**YOUR INSTRUCTIONS:** Please reproduce the lines of the records below from the one holding "見圳客戶端·深圳新聞網201" through the one holding "シロカの大風量タワーファン「", inclusive, skipping all pictures.

**DATASET EXCERPTS:**
--------------------------------
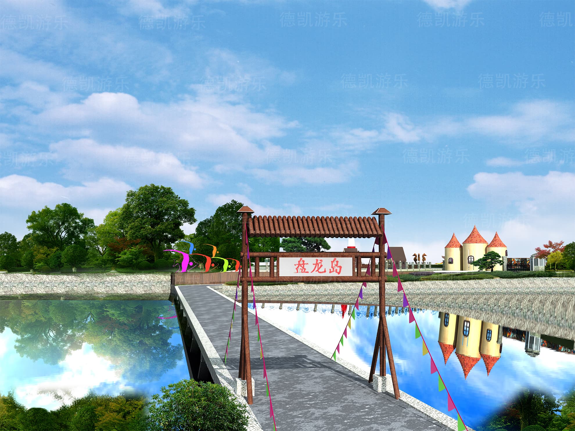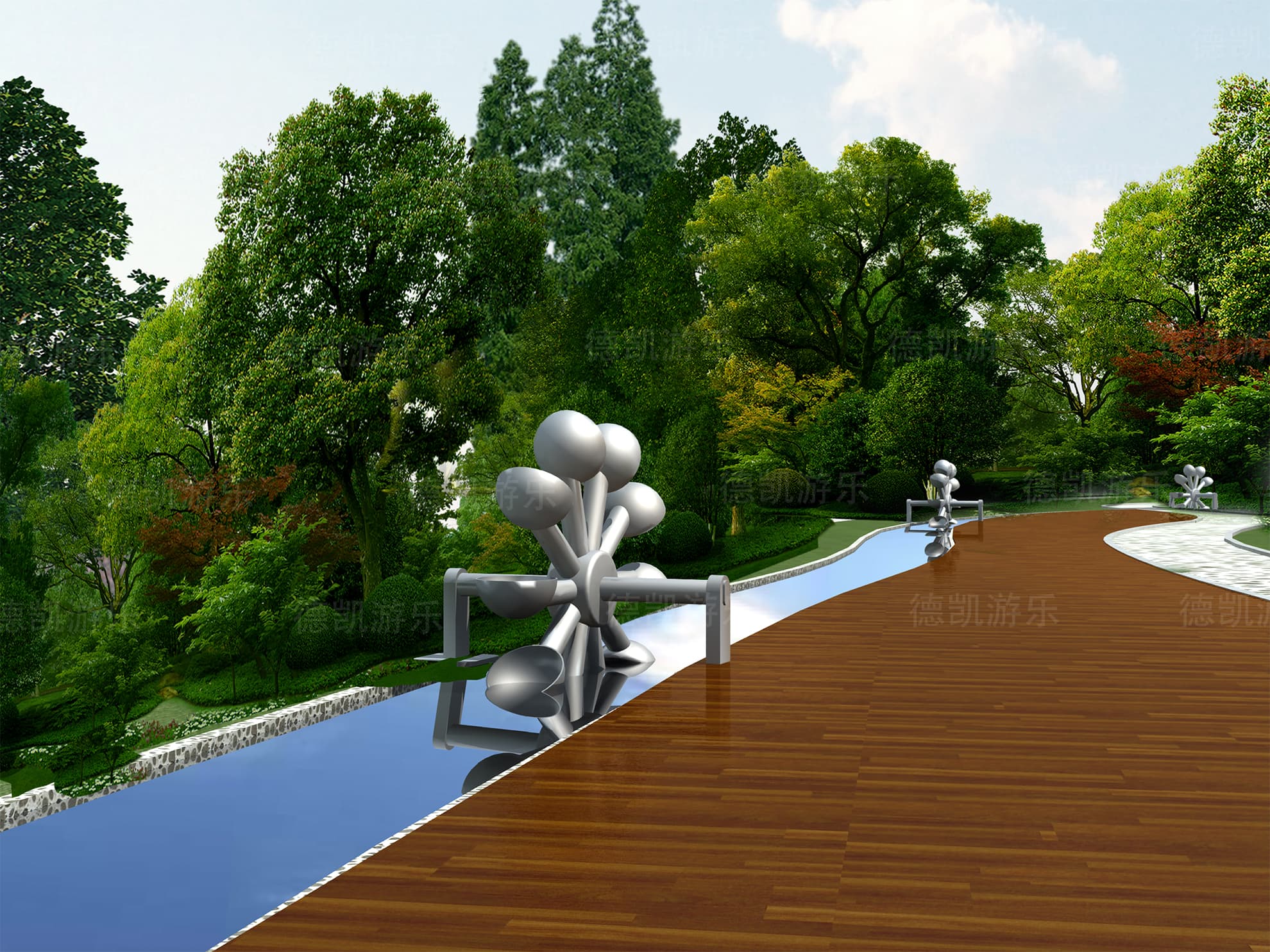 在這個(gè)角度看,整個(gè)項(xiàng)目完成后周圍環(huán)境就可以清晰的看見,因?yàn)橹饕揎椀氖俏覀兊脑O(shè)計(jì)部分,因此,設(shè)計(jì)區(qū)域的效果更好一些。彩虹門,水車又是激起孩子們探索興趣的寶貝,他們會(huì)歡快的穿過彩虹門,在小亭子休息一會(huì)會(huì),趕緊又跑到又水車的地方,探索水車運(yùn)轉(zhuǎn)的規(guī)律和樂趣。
--------------------------------
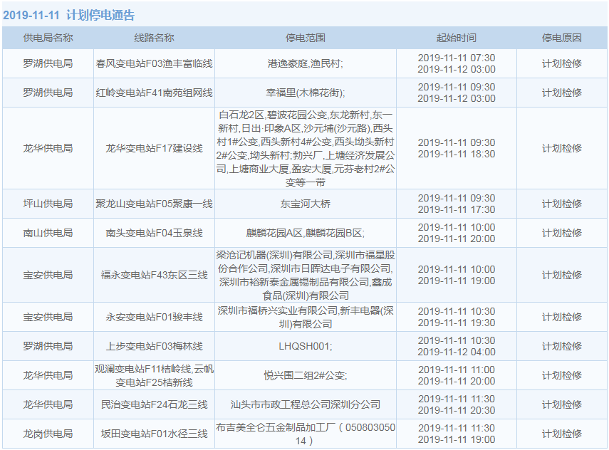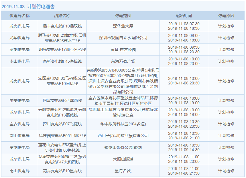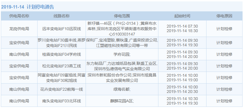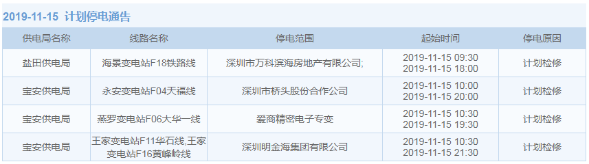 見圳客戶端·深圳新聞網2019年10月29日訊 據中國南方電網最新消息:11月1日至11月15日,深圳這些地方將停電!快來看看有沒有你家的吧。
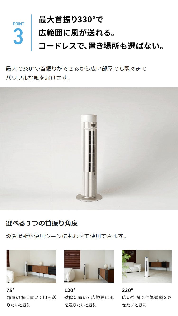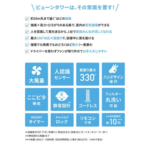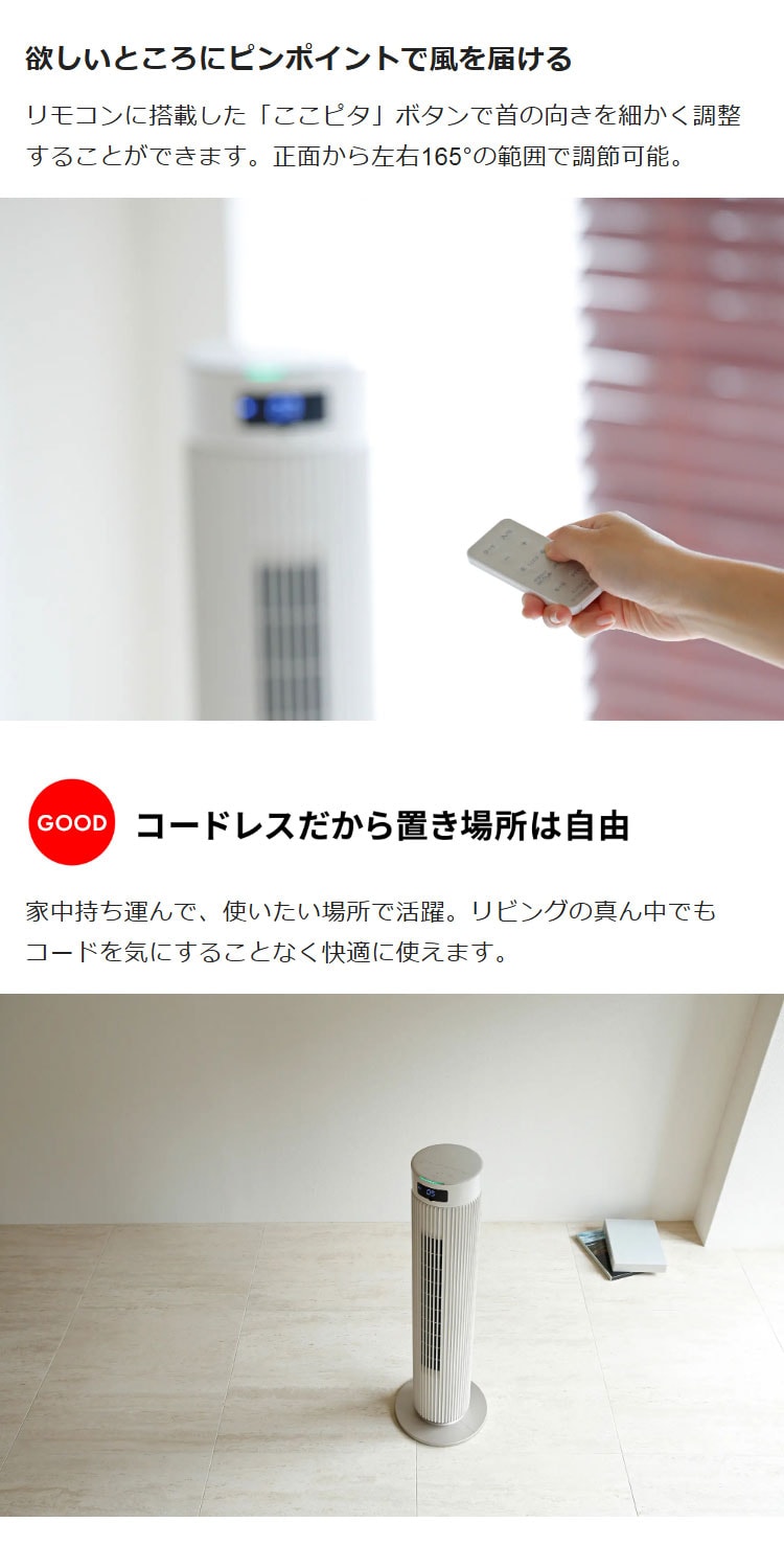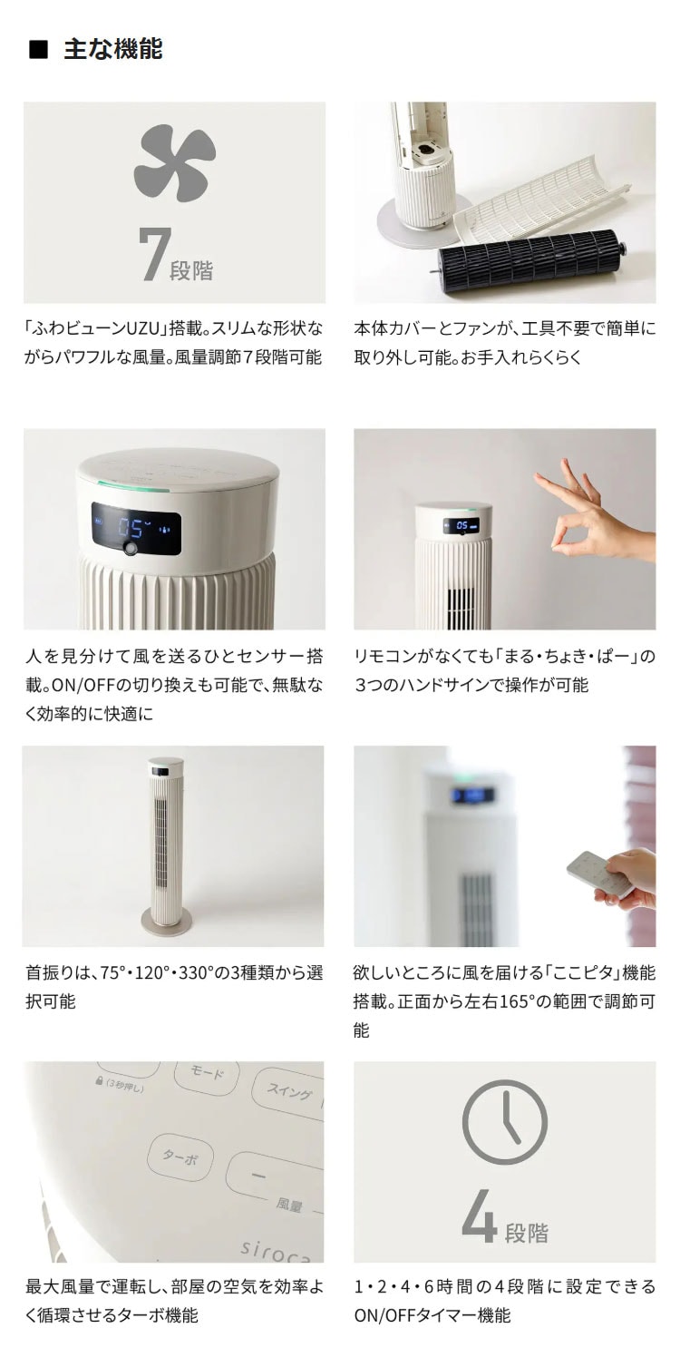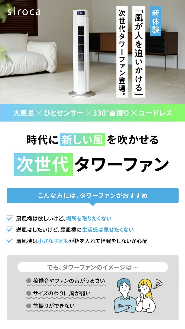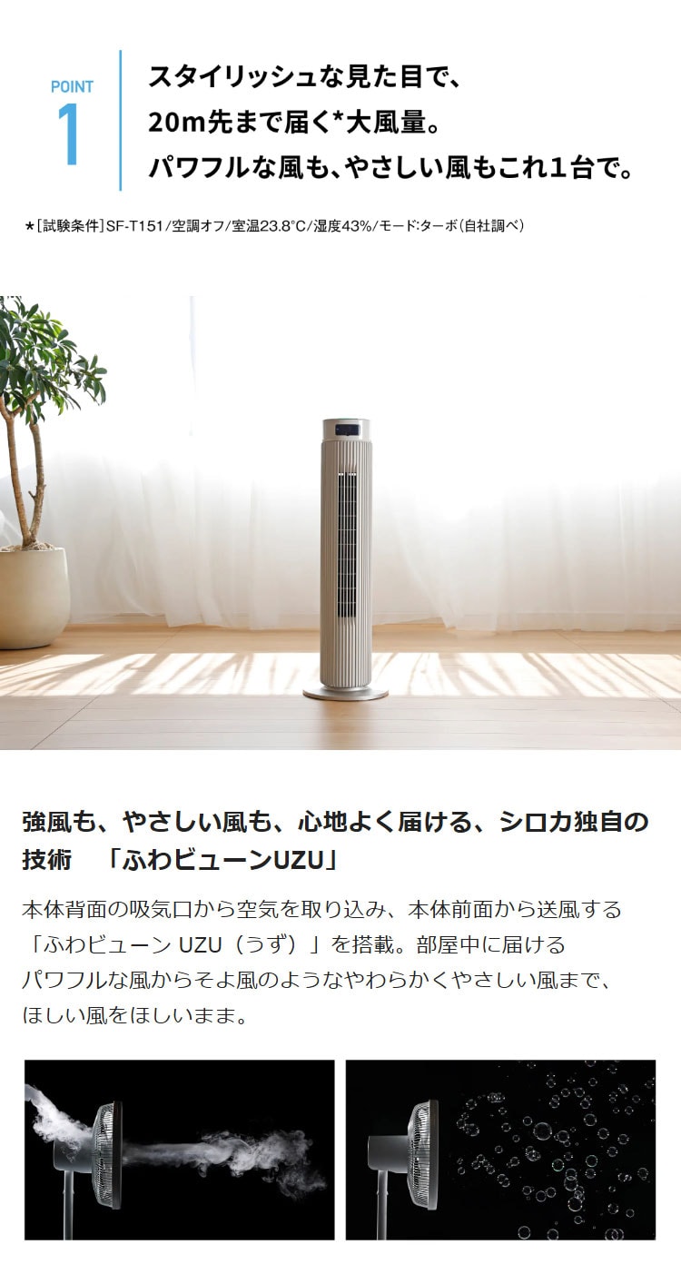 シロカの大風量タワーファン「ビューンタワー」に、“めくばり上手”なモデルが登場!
--------------------------------
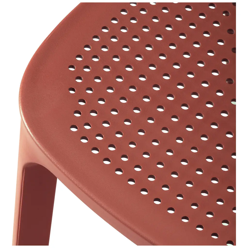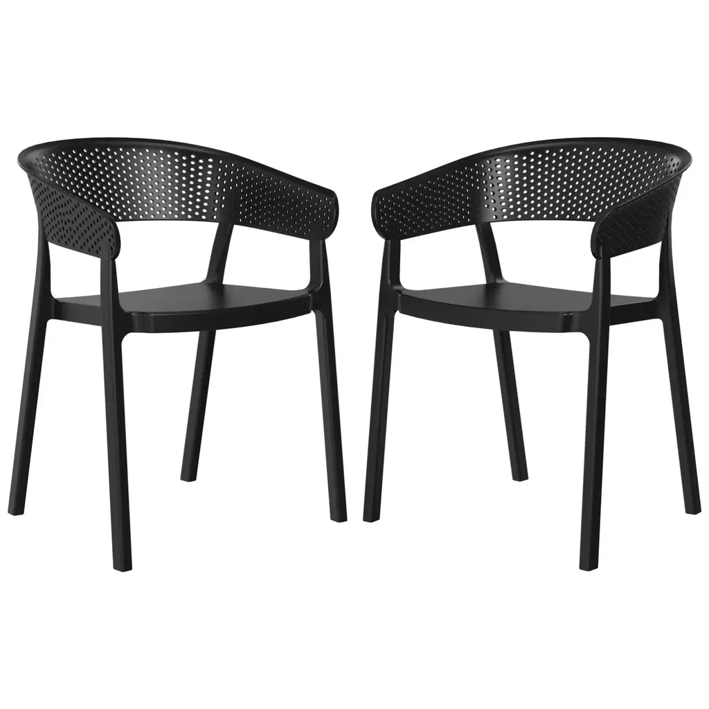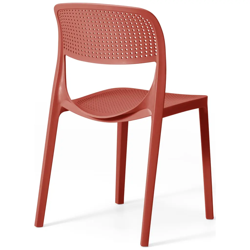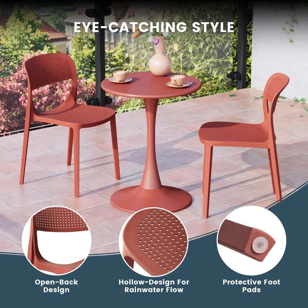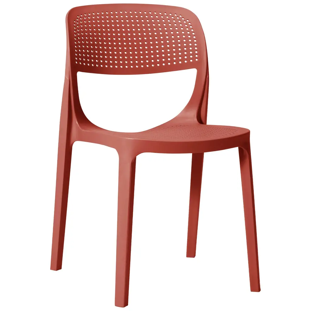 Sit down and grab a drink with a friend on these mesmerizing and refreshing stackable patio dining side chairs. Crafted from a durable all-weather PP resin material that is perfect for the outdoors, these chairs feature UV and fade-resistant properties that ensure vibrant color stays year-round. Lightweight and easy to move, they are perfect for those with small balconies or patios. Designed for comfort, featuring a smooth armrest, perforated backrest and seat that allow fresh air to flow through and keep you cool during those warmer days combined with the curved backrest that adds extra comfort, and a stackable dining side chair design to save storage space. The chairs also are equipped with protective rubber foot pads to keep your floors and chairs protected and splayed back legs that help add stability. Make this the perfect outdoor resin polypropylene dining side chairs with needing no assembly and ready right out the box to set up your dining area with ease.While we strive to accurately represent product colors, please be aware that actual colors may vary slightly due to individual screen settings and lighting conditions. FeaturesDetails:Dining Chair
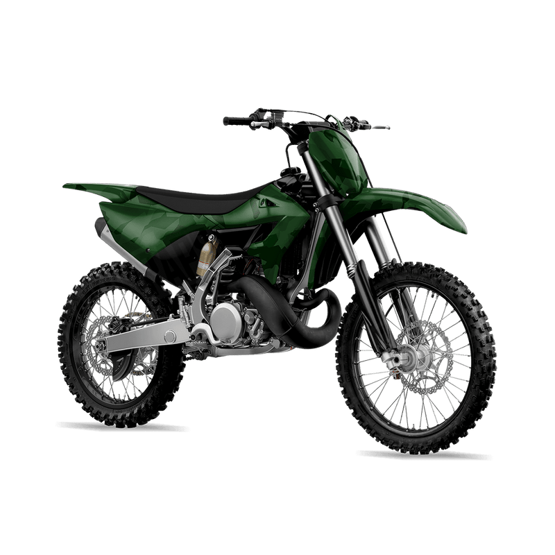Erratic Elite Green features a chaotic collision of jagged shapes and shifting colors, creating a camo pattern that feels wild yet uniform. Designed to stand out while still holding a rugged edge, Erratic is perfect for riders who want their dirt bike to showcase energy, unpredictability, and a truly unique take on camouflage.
--------------------------------
**RESPONSE BOX:**
 見圳客戶端·深圳新聞網2019年10月29日訊 據中國南方電網最新消息:11月1日至11月15日,深圳這些地方將停電!快來看看有沒有你家的吧。
 シロカの大風量タワーファン「ビューンタワー」に、“めくばり上手”なモデルが登場!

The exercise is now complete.